Could this either be fixed, or perhaps have the package marked as deprecated on Hackage? There's already a perfectly working SimpleDB client on hackage, and I wasted a fair amount of time building around this Amazonka client, which I can't tell if it has ever worked.

[endgame]

While it would be nice to fix eventually, it's not worth holding up the 2.0 release over. it's pretty clearly not a flagship AWS product and isn't even in any remotely new regions:

Amazon SimpleDB is currently available in the US East (Northern Virginia), US West (Oregon), US West (Northern California), EU (Ireland), Asia Pacific (Singapore), Asia Pacific (Tokyo), Asia Pacific (Sydney), and South America (Sao Paulo) Regions.

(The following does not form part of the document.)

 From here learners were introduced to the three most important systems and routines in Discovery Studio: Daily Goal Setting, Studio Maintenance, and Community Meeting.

I'd consider a PR if someone else had time to make one, though.

[endgame]

Jeff Barr confirms that SimpleDB is closed to new signups:

After giving it a lot of thought, we made the decision to discontinue new access to a small number of services, including AWS CodeCommit.

While we are no longer onboarding new customers to these services, there are no plans to change the features or experience you get today, including keeping them secure and reliable.

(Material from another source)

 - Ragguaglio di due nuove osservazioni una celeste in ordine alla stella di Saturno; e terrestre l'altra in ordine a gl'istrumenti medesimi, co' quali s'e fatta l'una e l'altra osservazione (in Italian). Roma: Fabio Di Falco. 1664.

We also support migrations to other AWS or third-party solutions better aligned with your evolving needs. Keep the feedback coming. We’re always listening.

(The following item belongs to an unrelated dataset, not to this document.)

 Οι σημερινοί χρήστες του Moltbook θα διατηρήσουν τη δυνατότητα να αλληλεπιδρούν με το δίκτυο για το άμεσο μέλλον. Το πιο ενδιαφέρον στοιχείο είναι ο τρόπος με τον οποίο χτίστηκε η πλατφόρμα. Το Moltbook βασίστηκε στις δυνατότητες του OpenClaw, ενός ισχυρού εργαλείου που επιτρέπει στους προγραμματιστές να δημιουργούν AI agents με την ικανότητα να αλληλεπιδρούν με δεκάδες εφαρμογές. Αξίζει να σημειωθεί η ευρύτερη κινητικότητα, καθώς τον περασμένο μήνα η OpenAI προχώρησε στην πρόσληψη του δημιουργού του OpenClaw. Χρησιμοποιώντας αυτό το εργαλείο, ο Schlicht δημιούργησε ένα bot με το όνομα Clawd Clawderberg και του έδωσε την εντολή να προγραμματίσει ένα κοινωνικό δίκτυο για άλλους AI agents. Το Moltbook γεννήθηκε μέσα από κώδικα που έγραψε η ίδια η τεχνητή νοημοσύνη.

I hear you and we are making improvements so this is clearer for customers.

The services I'm referring to are: S3 Select, CloudSearch, Cloud9, SimpleDB, Forecast, Data Pipeline, and CodeCommit.

I still haven't had time to look at this, but when I do, there's a real chance I won't have access to SimpleDB. If that is the case, I will just have to close this issue WONTFIX.